SFENCC2020 Society for Endocrinology National Clinical Cases 2020 Poster Presentations (72 abstracts)
Royal Berkshire Hospital, Reading, UK
Case history: A 75-year-old lady presented with sudden central chest discomfort to Emergency Department. The chest pain was preceded by palpitations. She had a background of Hypertension. She was non-smoker and otherwise fit and well. She mentioned receiving a steroid injection one day ago for joint pain. Her B.P on presentation was 226/106. Her physical examination was otherwise normal.
Investigations: Her ECG on admission revealed atrial tachycardia and ST depression in anterior chest leads. She was admitted under cardiology team who started her on beta blockade for atrial tachycardia. CT aortogram was organised to rule out aortic dissection. Aortic dissection and large pulmonary embolism were ruled out by CT but an incidental complex cystic abnormality was seen behind the stomach which was deemed unrelated to her condition at the time. Her lab Troponin levels were 270 (on admission), 1877 (5 h), 2462 (7 h post admission). Her Echo revealed severely reduced Ejection fraction 35% and inferolateral hypokinesia. Her chest pain continued and she then developed new ST elevation 3 h post admission.
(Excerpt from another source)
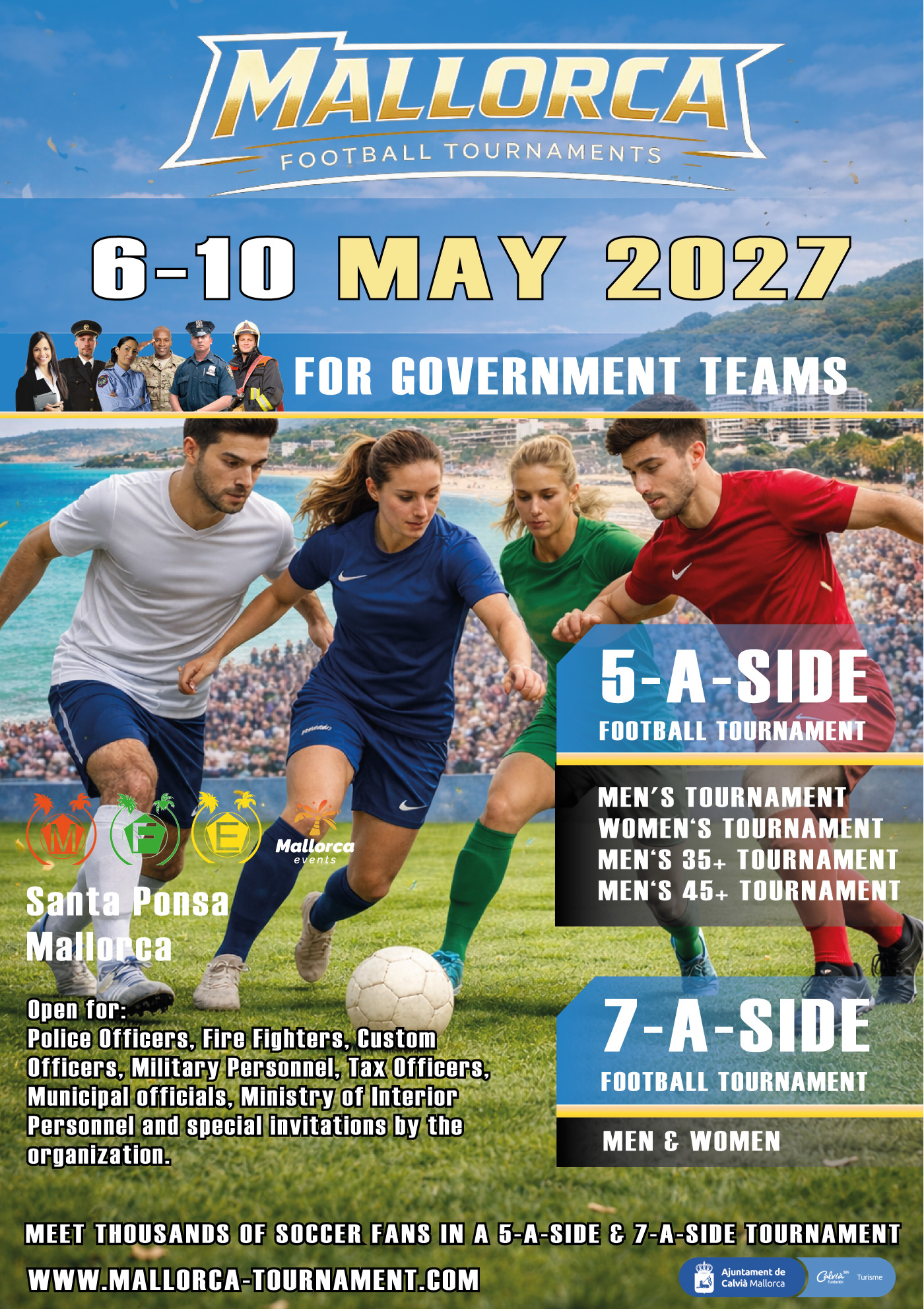 - Mallorca Football Tournament open to the Police, Fire Brigade and Military personnel, Customs, Municipalities, Ministries and other serving authorities.

At this point,she was started on ACS treatment and taken to cath lab for PCI. On angiography, no blockade amenable to PCI was found so no procedure could be performed. Patient then developed severe pulmonary edema post PCI and needed CPAP. Cardiology team considered phaeochromocytoma as cause of patients symptoms (in view of cystic mass found on CT) and endocrinology review was sought.
Results and treatment: CT abdomen and 3 collections for urinary catecholamine metabolites levels were performed on endocrinology advice.
CT abdomen revealed 5 cm part-solid, part-cystic mass.
Urinary Levels were as below:
Urinary metadrenalines 34.61
Nor-metadrenalines 33.15
3 methoxy tyramine urinary: 3.15
Based on above results, she was diagnosed with Phaeochromocytoma.
Patient was referred to tertiary endocrine surgical centre for surgery. She underwent removal of a left adrenal phaeochromocytoma 3 months later. Her PASS score was 6/20, indicating borderline phaeochromocytoma with potential for recurrence. Her genetic analysis did not reveal any phaeochromocytoma/ paraganglioma susceptibility gene.
Conclusion and points for discussion: This was a challenging case as initial presentation matched acute coronary syndrome and beta blockade was started which likely led to pulmonary edema and worsening of symptoms. It should be borne in mind that Phaeochromocytoma can present as acute coronary syndrome and should be considered among differentials in unexplained acute coronary syndrome. The possibility of recent intra-articular steroids injection in precipitating phaeochromocytoma crisis should be considered.